According to the firm, almost 20% of global HNW investors’ wealth, amounting to US$8.6 trillion, is set to change hands in the years ahead.

And, it projects that more than one-quarter of this total will be up for grabs as HNW investors’ children move assets from their parents’ firms.

“Given that 28.3% of HNW clients’ children discontinue the relationship with their parents’ wealth manager upon inheriting, GlobalData predicts US$2.4 trillion of HNW wealth will move from one competitor to another as inheritors look for a provider better suited to their needs,” it says.

“This means intergenerational wealth transfer in the HNW space will be a big source of new business over the coming years,” said Heike van den Hoevel, senior wealth analyst for GlobalData.

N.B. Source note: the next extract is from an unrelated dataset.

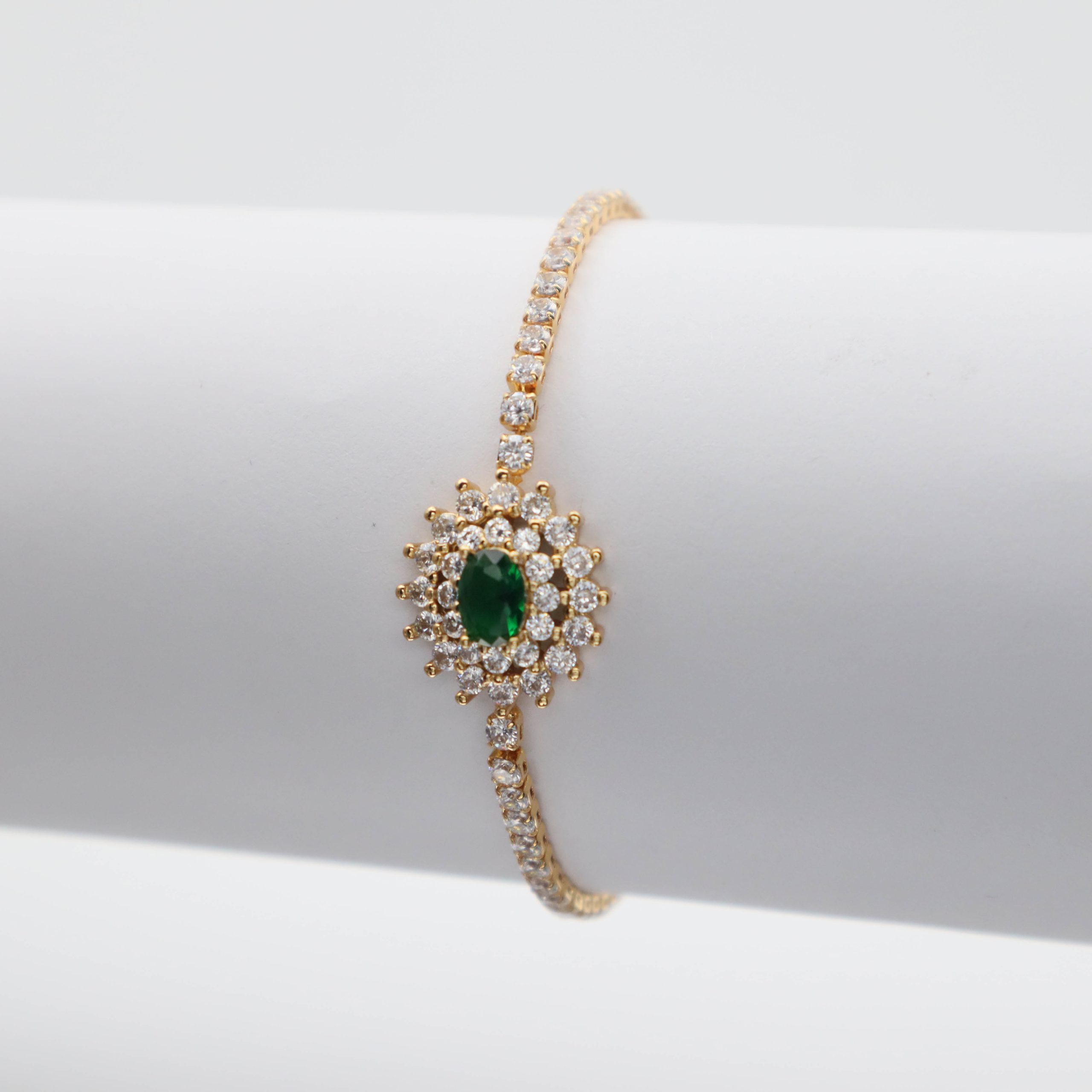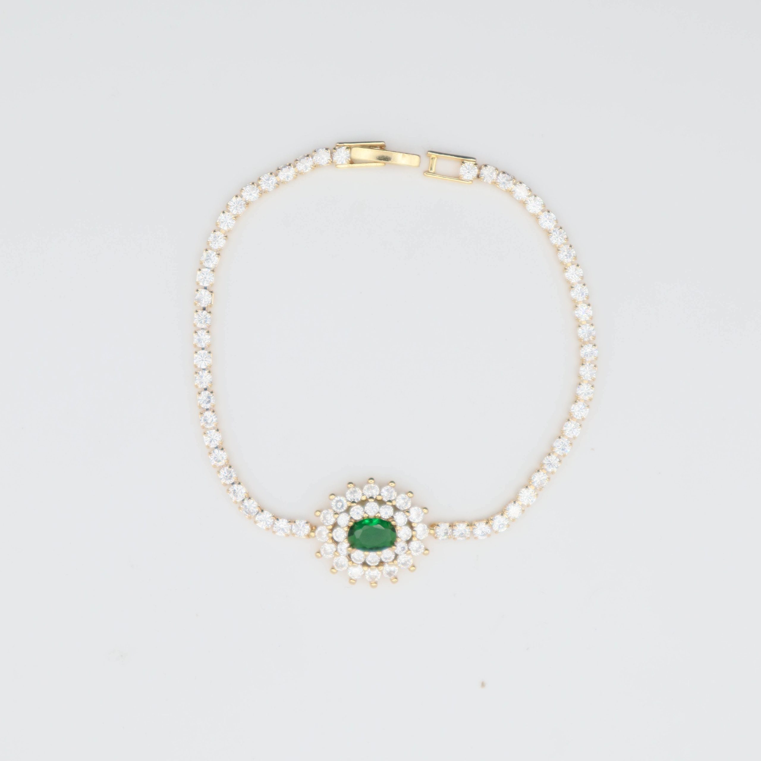 A wonderful bracelet made of zircon beads, with a green crystal in the middle, for your wonderful look.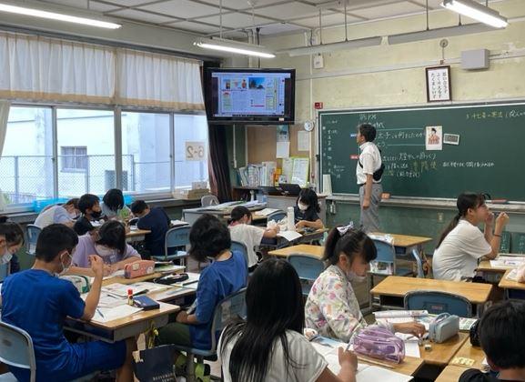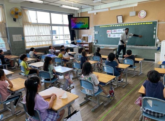 Become familiar with English 今日は、ALTの先生にお越しいただき、英語に慣れ親しむ学習を行いました。各学級で、それぞれの学年に応じた英語の学習に取り組み、笑顔いっぱいで…

Amid these conditions, the firm says that building ties with the next generation of wealthy investors is necessary to minimize the risk of switching. Wealth managers need to be sensitive to the next generation’s differing needs — including greater demand for socially responsible investing and higher usage of technology and social media — as they seek to retain next-generation clients and attract new ones from other firms.

“Interestingly, a larger proportion of wealth managers regard intergenerational wealth transfer as an opportunity, as opposed to a threat, showing either overconfidence or an overinflated sense of security,” said van den Hoevel.

“Ultimately, someone’s gain in assets under management represents an outflow to someone else. There are two parts to the equation: building loyalty among the next generation of HNW investors to avoid churn in the first place, and targeting those looking for a new provider after inheriting,” she said.